As Alex Carrick heads into retirement this month after 52 years as a construction economist, he can be assured he has earned the deep admiration and respect of his peers and colleagues.

ConstructConnect’s chief economist was honoured with a retirement dinner in Cincinnati recently and he’s still receiving praise for a half-century of achievements in his field in his final weeks.

“Alex has a knack for viewing the construction industry both from the ground up and from above,” said Ken Simonson, chief economist for the Associated General Contractors of America, who has worked with Carrick on construction webcasts.

“His analysis of trends in different segments of construction was usually spot-on.”

Giovanni Cautillo, president of the Ontario General Contractors Association, commented, “If you were to ask anyone in the construction industry to describe Alex Carrick, the response could be summed into two words: consistent and reliable.

“Alex has been a trusted source of information for half a century and has a very direct style of delivery that has always been appreciated by the construction industry.”

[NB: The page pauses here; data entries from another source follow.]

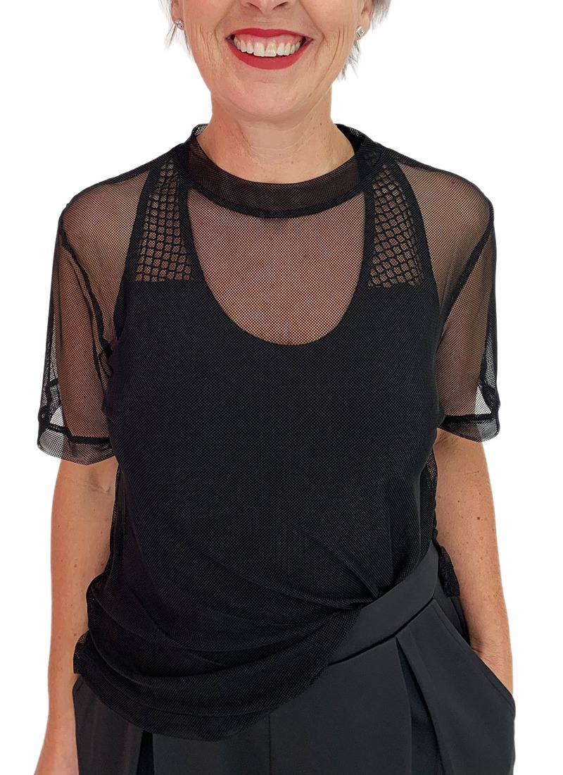 Don’t miss this staple piece in your closet this summer! A fine and sophisticated stretch net – featuring a finished hemline detail and a high to low bottom hemline with a side cut for tucking.
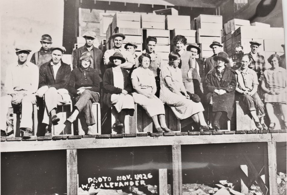 One surviving November 1926 photograph in the Okanogan County Historical Society records shows Roy Smith’s packing crew at his shed in Brewster.
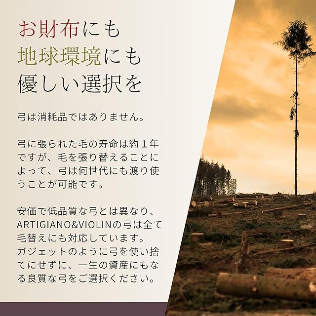 アルティジャーノ&バイオリンの楽弓は、安心の1年保証付きです。保証内容の詳細は別途画像をご覧ください。

“I learned a great deal about our industry and how it fits into the Canadian economy from him for which I am grateful,” added Ian Cunningham, president of the Council of Ontario Construction Associations. “None of us is irreplaceable but Alex leaves massive shoes to fill.”

Invaluable resource for the DCN

ConstructConnect director of news media Vince Versace remarked Carrick has been an important source of economic insights in the Daily Commercial News and Journal of Commerce newsrooms for decades.

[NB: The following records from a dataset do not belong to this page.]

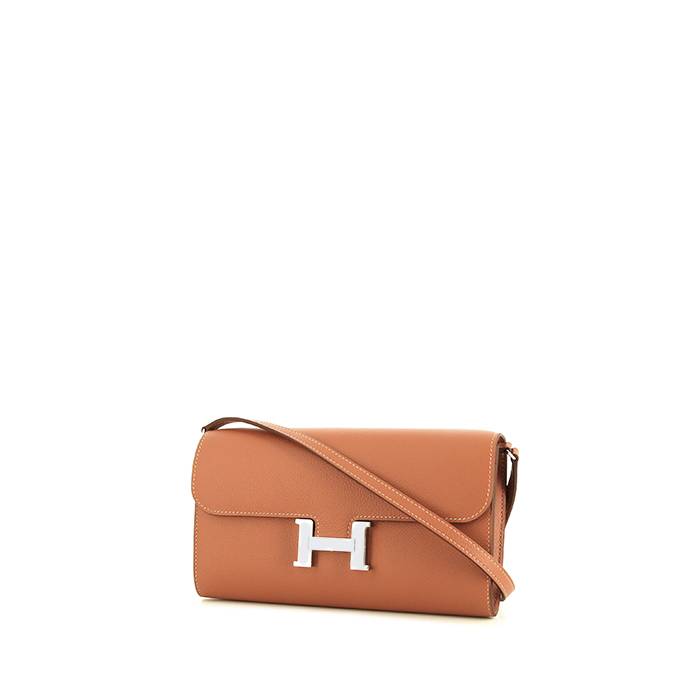 Elegante bolsito de mano Hermès Long To Go de cuero togo marrón Blush, adorno en metal plateado paladio, una bandolera extraíble de cuero marrón para llevar en la mano o colgado al hombro o cruzado.
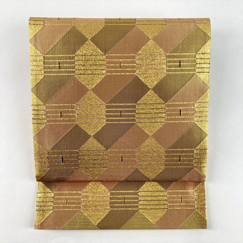 (中古)袋帯 金 セミフォーマル 六通 引き箔 モダン 抽象柄 絹
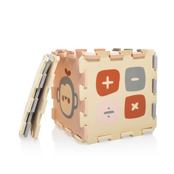 Jednotlivé dlaždice 30 × 30 cm (9 ks) do sebe perfektně zapadají. Podložka je vhodná pro děti od narození, vyrobená z nezávadného a příjemného materiálu.

“When I first started at the DCN I’d have weekly chats with Alex to better understand the economies of construction,” said Versace. “Those chats built such an incredible foundation for me, so I can only imagine how his insights and analysis helped guide so many firms and their decisions.”

A graduate of the University of Western Ontario with a degree in economics and then University of Toronto with a masters in the field, Carrick spent the first 13 years of his career with the Canadian Institute of Steel Construction (CISC). In 1985, he assumed the position of chief economist/editor with CanaData.

Carrick has given hundreds of presentations throughout North America while providing regular analysis of Canadian and world construction economics.

“In terms of the whole career, it has been 100-per-cent job satisfaction,” said Carrick recently. “That’s the way I would describe what it’s been like for me working for 52 years in this industry.”

In his early days at Western he assumed he would become a lawyer or enter business but an economics professor took him aside and suggested he had a future in economics, given his talents in both math and writing.

“He absolutely changed the course of my life,” said Carrick.

His father worked for a large insurance bonding company with territory in London and Windsor, Ont., and every night he would talk about construction. And he had a stack of copies of the Daily Commercial News in his office.

“I really liked these stories about the various contractors that he met,” said Carrick. “I really had construction in my background from the get-go.”

Recruited by the CISC as a summer student, Carrick became fascinated with the huge projects the steel industry was involved in.

“That was 13 wonderful years,” he said. “I learned all about steel fabrication and the steel mills…the really big showcase projects, like the big office towers that would be built downtown and nuclear power plants.”

While with the CISC he had regular dealings with Southam and its CanaData division and was eventually hired as an economist for CanaData. He quickly picked up on the extent to which construction was linked with a vast amount of economic activity, and he found himself cross-referencing what various firms and sectors were engaged in — institutional construction, housing, demographics, resources, technology and more.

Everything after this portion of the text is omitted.